Since you also say you're swollen and tender for a day or so after, I'm wondering if perhaps you're not either overdoing the intercourse or engaging in it when youy're really not that aroused, or continuing with it after your arousal has gone to bed, as it were. If that's the case, then I'd suggest you have a chat about that and be sure that vaginal entry really is something you're only doing when that -- precisely -- is what you want to be doing, what feels good for you, and that if at any point it stops feeling good in the midst, you shift to a different activity. I'd also be sure that when you have intercourse, you're not jumping into it prematurely -- if you're having any sort of discomfort at all when it's introduced, that's a good way to know that you and yours probably need to slow down and engage in some other, less invasive sexual activities first or for longer before you go there.

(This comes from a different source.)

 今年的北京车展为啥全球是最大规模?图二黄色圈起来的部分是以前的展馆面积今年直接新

Since you've been persistently sore and having the bleeding, I'd suggest you take a pass on intercourse and vaginal entry full stop until you find the cause, however.

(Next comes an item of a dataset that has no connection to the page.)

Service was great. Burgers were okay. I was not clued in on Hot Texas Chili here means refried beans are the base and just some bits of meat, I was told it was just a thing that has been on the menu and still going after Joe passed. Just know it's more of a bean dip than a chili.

You say the sex doesn't hurt, but I'm also wondering if it does feel really good? Obviously, the goal with sex isn't just for it not to hurt: whatever you're doing should feel not even just good, but great, for both partners. If it doesn't -- in general, or at certain times -- then you'll need to make some adjustments, whether that means changing positions, how aggressive you and yours may be having it, or the depth of the intercourse or just doing other activities entirely.
For now, I'd not be very worried: you have your appointment coming up, so just hold off on the vaginal sex (which means vulval stuff is fine so long as that feels good) until that appointment and relax. if the bleeding and soreness is only happening with intercourse, and not at other times, it's unlikely that it's anything super-serious.
And just in case: if your partner isn't up-to-date with his screenings -- for monogamous couples, that's a screening once every year -- now would be a good time for him to get that taken care of, too.